_DATA FOR REVIEW_

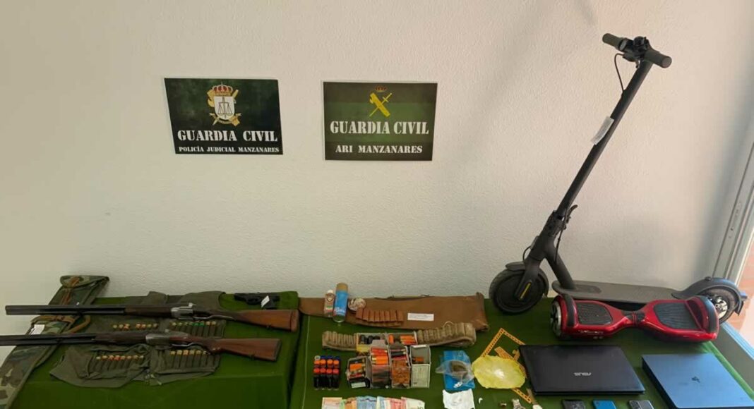 La Guardia Civil detiene a cuatro personas en Manzanares acusadas de delitos de robo con fuerza, tenencia ilícita de armas, tráfico de drogas y receptación.
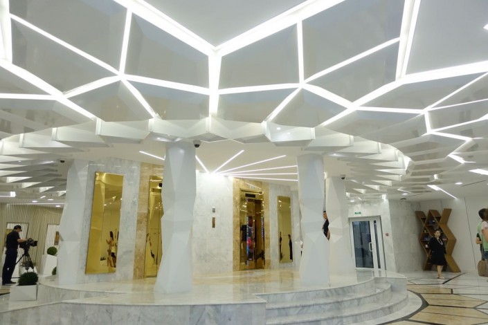 Дополняет новый дизайн установленная на верхней точке монумента люстра, выполненная в виде летающих сказочных птиц Самрук.
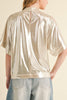 Personify Shopunique top made from a shimmery and glossy champagne colored material. lightweight top features a mock neckline, keyhole button closure on back, roomy half sleeves, a notched hemline, and a loose fit. top can be styled casually with jeans or dressed up with black pants for an easy and festive holiday look.
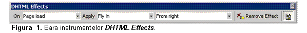 1.         In meniul View se indica optiunea Toolbars si se selecteaza bara DHTML Effects, daca aceasta nu este deja afisata.
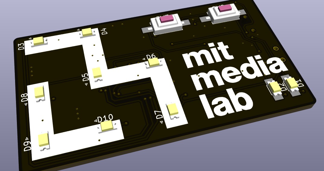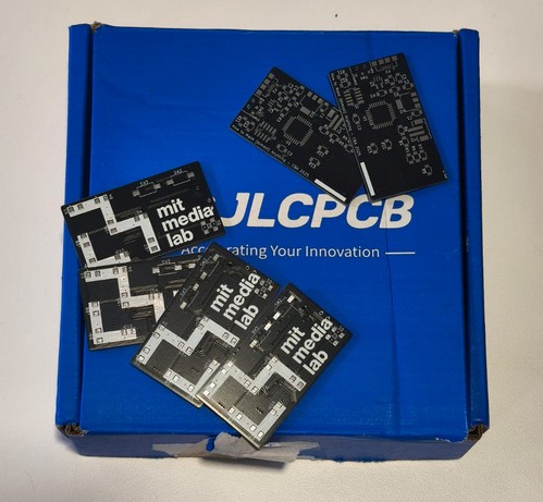 In addition to this board, I designed a board to send to a manufacturing house. Since a lot of us in the CBA section are affiliated with the Media Lab, and the class is within the Media Lab building, we figured we could order a board together with somehting about the Media Lab. So I designed a board with the Media Lab logo and some LEDs that would light up according to how they were programmed using a SAMD21 microcontroller. We ordered it through JLCPCB, which was super easy to use and had great prices, coming up to about $31 for 30 boards, and it arrived in exactly 1 week.
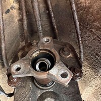 Ještě existuje malinká jiskřička naděje. Teoreticky se mohla povolit matice, jenž na hřídeli drží hrušku. To zjistíme jedině tak, že z auta opět sundáme kardan. Naštěstí je za poslední dva dny dole každý šroub perfektně rozhýbaný, takže tady zádrhel nečekáme. Povolování horních šroubů na kardanu je sice trochu komplikovanější, protože si s ním nemůžeme otočit, ale i tak si poradíme. Pak už jen povolit střední uložení a kardan padá dolů. Můj pohled míří okamžitě na konec hrušky a to, co vidím, značí jediné. Mičas je odpornej lucker. Matka držící hrušku se totiž válí vypadlá úplně mimo závit, což vysvětluje vše – od vibrací až po únik oleje. Teď jen zjistit, jestli gufero tuto anabázi přežilo nebo je po něm.
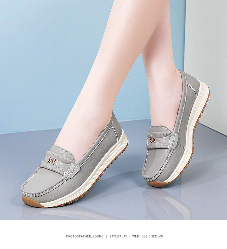 중노년 엄마들을 위한 봄 신상 신발, 부드러운 밑창, 발이 피곤하지 않은, 미끄럼 방지 플랫 콩신발, 활용도가 높은 슬립온 캐주얼 슈즈스토어 가기
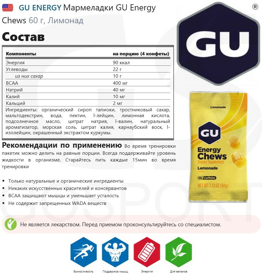 Купить GU ENERGY Мармеладки GU Energy Chews 2 x 60 г, Лимонад с доставкой по всей России. GU ENERGY Мармеладки GU Energy Chews 2 x 60 г, Лимонад: сравнение цен, характеристики, фото, актуальное наличие и цены.
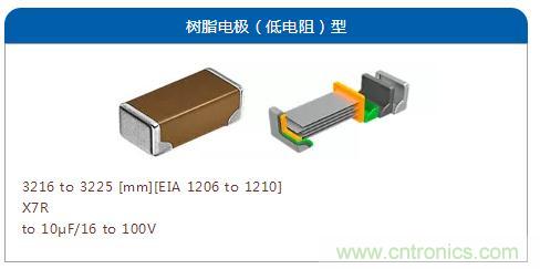 希望降低基板彎曲、掉落沖擊以及熱沖擊等機械壓力導致的風險時,推薦使用在端子電極上嵌有具備柔性的樹脂層以及金屬框架的"冗長設計類型"結構。
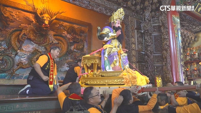 貴賓們輪流為雕刻好的王母娘娘及月下老人等神像點眼開光,太平大登山玉虛金鋒宮是當地信仰中心,之前管委會發現北極玄天三大帝及王母娘娘這兩尊神像遭到土蜂築巢、木頭水心腐朽嚴重,信徒因而集資,重新雕刻神像,這天也舉行入火安座。
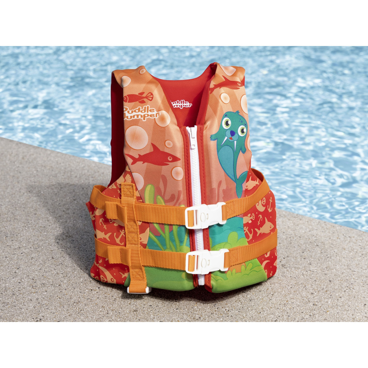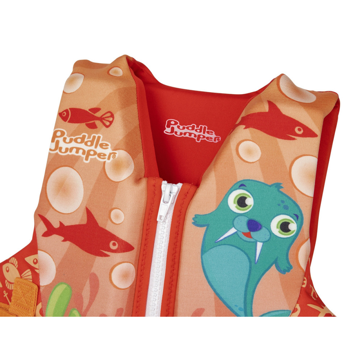 Šī krāsainā veste ar mīlīgu morša dizainu ir paredzēta bērniem vecumā no 3 līdz 6 gadiem, kas ļauj jūsu bērnam droši pavadīt laiku ūdenī kopā ar vecākiem, baudot vasaras spēles baseinā, ezerā vai jūrā.
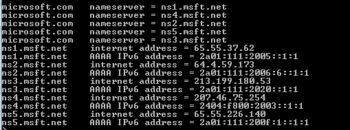 Here you see the name servers that are responsible for the microsoft.com namespace. Here we see 5 name servers. In the name resolution process your computer will pick one of those at random.
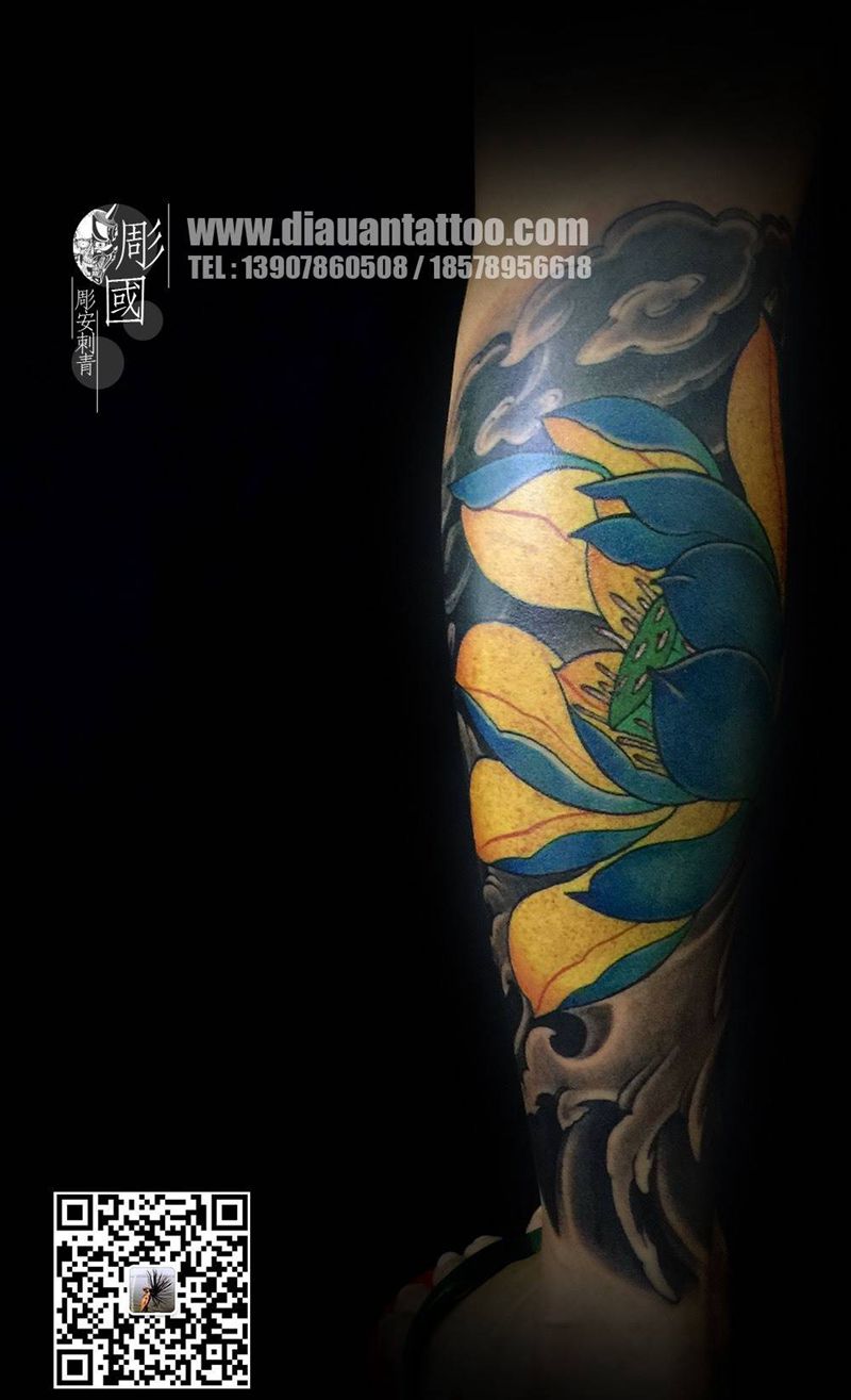 一组15张莲花纹身手
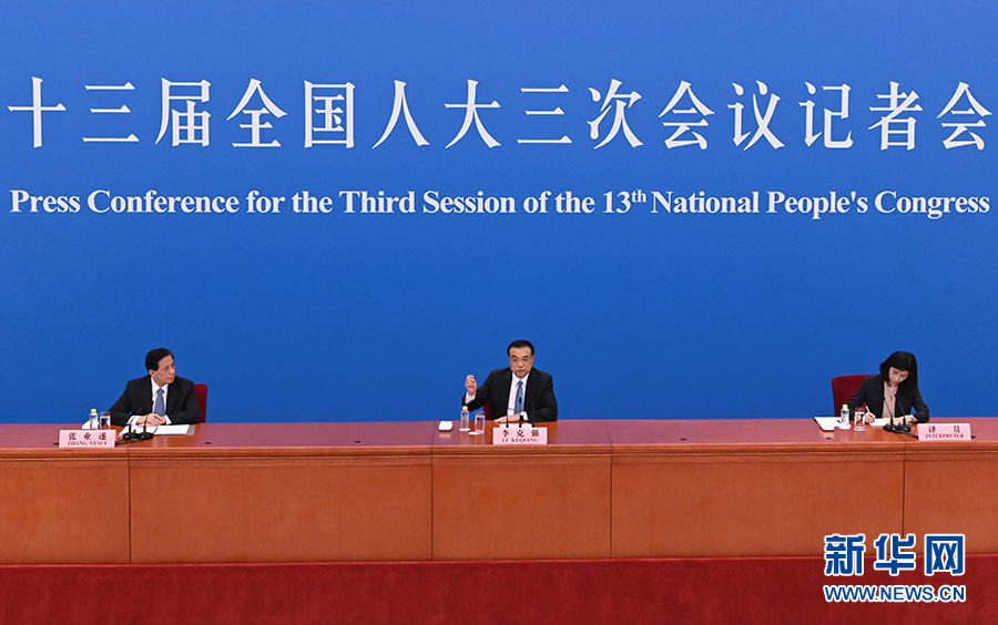 5月28日下午,十三屆全國人大三次會議在北京人民大會堂舉行記者會,國務院總理李克強應大會發言人張業遂的邀請出席記者會,并回答中外記者提問。 新華社記者 陳曄華 攝
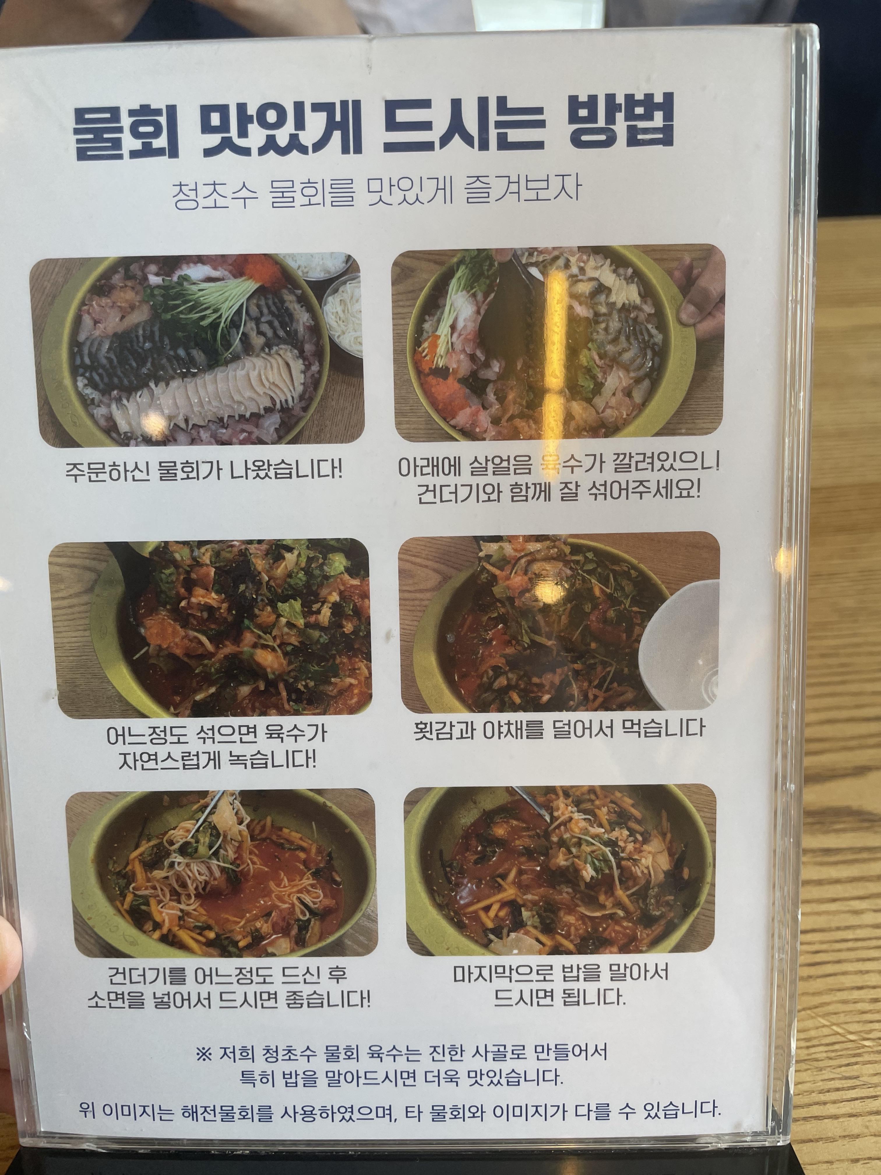 또 이렇게 친절하게 물회 맛있게 먹는 방법을 알려주시더라구요.

_WORK REQUEST_
Without the pictures, write out every line above exactly as it appears.

_OUTPUT OF THE EXERCISE_
 La Guardia Civil detiene a cuatro personas en Manzanares acusadas de delitos de robo con fuerza, tenencia ilícita de armas, tráfico de drogas y receptación.
 Дополняет новый дизайн установленная на верхней точке монумента люстра, выполненная в виде летающих сказочных птиц Самрук.
 Personify Shopunique top made from a shimmery and glossy champagne colored material. lightweight top features a mock neckline, keyhole button closure on back, roomy half sleeves, a notched hemline, and a loose fit. top can be styled casually with jeans or dressed up with black pants for an easy and festive holiday look.
 1.         In meniul View se indica optiunea Toolbars si se selecteaza bara DHTML Effects, daca aceasta nu este deja afisata.
 In addition to this board, I designed a board to send to a manufacturing house. Since a lot of us in the CBA section are affiliated with the Media Lab, and the class is within the Media Lab building, we figured we could order a board together with somehting about the Media Lab. So I designed a board with the Media Lab logo and some LEDs that would light up according to how they were programmed using a SAMD21 microcontroller. We ordered it through JLCPCB, which was super easy to use and had great prices, coming up to about $31 for 30 boards, and it arrived in exactly 1 week.
 Ještě existuje malinká jiskřička naděje. Teoreticky se mohla povolit matice, jenž na hřídeli drží hrušku. To zjistíme jedině tak, že z auta opět sundáme kardan. Naštěstí je za poslední dva dny dole každý šroub perfektně rozhýbaný, takže tady zádrhel nečekáme. Povolování horních šroubů na kardanu je sice trochu komplikovanější, protože si s ním nemůžeme otočit, ale i tak si poradíme. Pak už jen povolit střední uložení a kardan padá dolů. Můj pohled míří okamžitě na konec hrušky a to, co vidím, značí jediné. Mičas je odpornej lucker. Matka držící hrušku se totiž válí vypadlá úplně mimo závit, což vysvětluje vše – od vibrací až po únik oleje. Teď jen zjistit, jestli gufero tuto anabázi přežilo nebo je po něm.
 중노년 엄마들을 위한 봄 신상 신발, 부드러운 밑창, 발이 피곤하지 않은, 미끄럼 방지 플랫 콩신발, 활용도가 높은 슬립온 캐주얼 슈즈스토어 가기
 Купить GU ENERGY Мармеладки GU Energy Chews 2 x 60 г, Лимонад с доставкой по всей России. GU ENERGY Мармеладки GU Energy Chews 2 x 60 г, Лимонад: сравнение цен, характеристики, фото, актуальное наличие и цены.
 希望降低基板彎曲、掉落沖擊以及熱沖擊等機械壓力導致的風險時,推薦使用在端子電極上嵌有具備柔性的樹脂層以及金屬框架的"冗長設計類型"結構。
 貴賓們輪流為雕刻好的王母娘娘及月下老人等神像點眼開光,太平大登山玉虛金鋒宮是當地信仰中心,之前管委會發現北極玄天三大帝及王母娘娘這兩尊神像遭到土蜂築巢、木頭水心腐朽嚴重,信徒因而集資,重新雕刻神像,這天也舉行入火安座。
 Šī krāsainā veste ar mīlīgu morša dizainu ir paredzēta bērniem vecumā no 3 līdz 6 gadiem, kas ļauj jūsu bērnam droši pavadīt laiku ūdenī kopā ar vecākiem, baudot vasaras spēles baseinā, ezerā vai jūrā.
 Here you see the name servers that are responsible for the microsoft.com namespace. Here we see 5 name servers. In the name resolution process your computer will pick one of those at random.
 一组15张莲花纹身手
 5月28日下午,十三屆全國人大三次會議在北京人民大會堂舉行記者會,國務院總理李克強應大會發言人張業遂的邀請出席記者會,并回答中外記者提問。 新華社記者 陳曄華 攝
 또 이렇게 친절하게 물회 맛있게 먹는 방법을 알려주시더라구요.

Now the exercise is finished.